I would start by getting out of vectors and represent the equation as two simultaneous scalar differential equations. Then you can eliminate one dependent variable to obtain a second order ODE.
There may be neater ways.
You will also need to known the position at t=0.
Yes, much better than my way.dk_ch said:thanks , I had doubt .
May I do it as follows .
dx/dt =ky and dy/dt=kx hence dx/dy=y/x or xdx=ydy .now by integrating we can get the result as y^2=x^2+ constant. .
please confirm.
The equation for the path of a vector with components ky and kx is:
x = ky
y = kx
This is the standard form for a vector with components ky and kx.
The value of k determines the magnitude of the vector. A larger value of k will result in a longer vector, while a smaller value of k will result in a shorter vector. The direction of the vector remains the same regardless of the value of k.
The term hat (denoted by ^) indicates that the following letter is a unit vector. In this case, i and j are unit vectors in the x and y directions, respectively.
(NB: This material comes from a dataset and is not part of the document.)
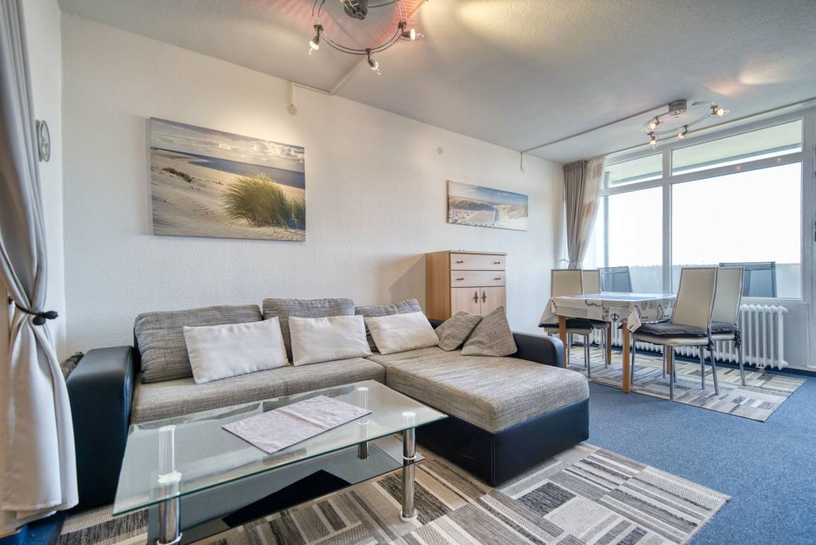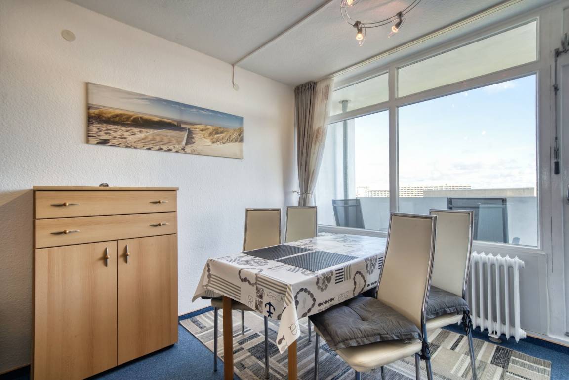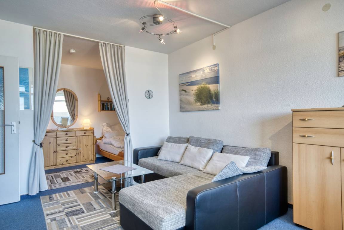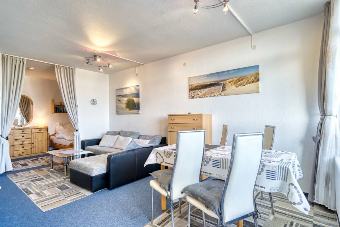 Wohn-/Schlafzimmer mit zwei Einzelbetten, Ecksofa, TV und Esstisch. Separates Schlafzimmer mit Einzelbett und TV. Küche mit Cerankochfeld, Kühlschrank, Mikrowelle, Toaster, Wasserkocher. Bad mit Dusche und WC. Nichtraucherwohnung, keine Haustiere, kein WLAN. Fahrstuhl, Fahrradräume, ca. 300 m bis Strand, Parkplatz inklusive. Perfekt für Ruhe, Aussicht und entspannten Ostseeurlaub.
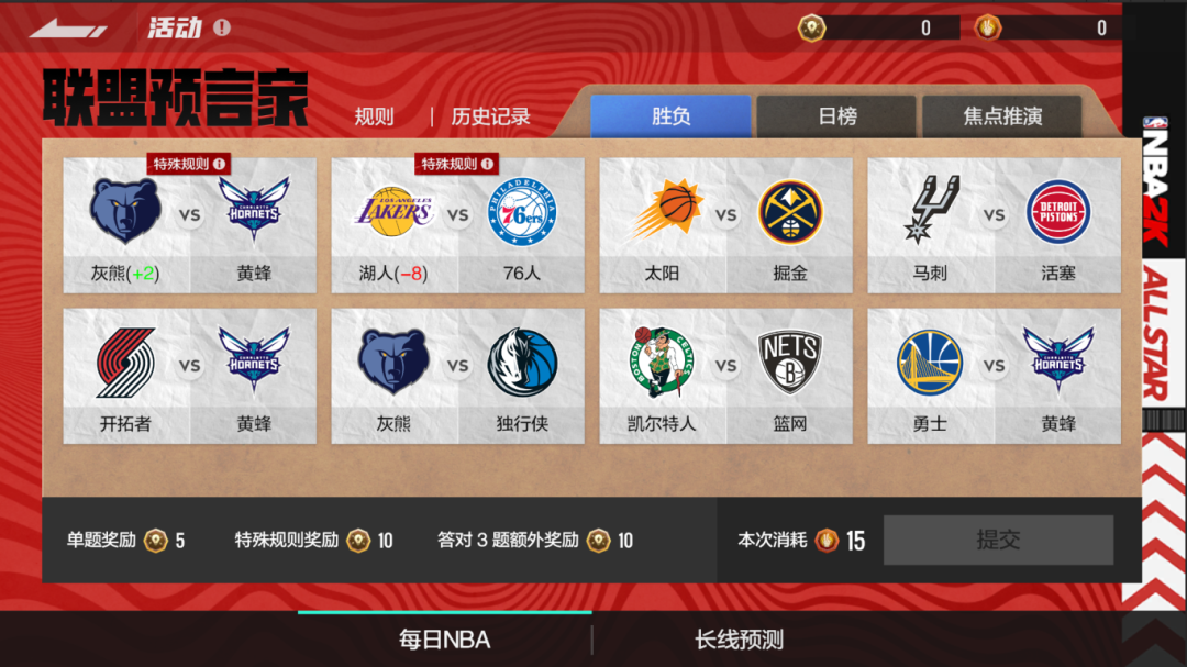 1. 本次更新后,将开放联盟预言家-每日NBA的比赛预言。

Yes, the path of this vector can be graphed on a 2D coordinate plane. The vector components ky and kx can be plotted as points on the x and y axes, and the resulting path will be a straight line passing through the origin.
The path of this vector represents the displacement of an object in 2D space. In physics, displacement is defined as the change in position of an object from its initial position to its final position. Therefore, the path of this vector can be used to analyze the motion of an object in two dimensions.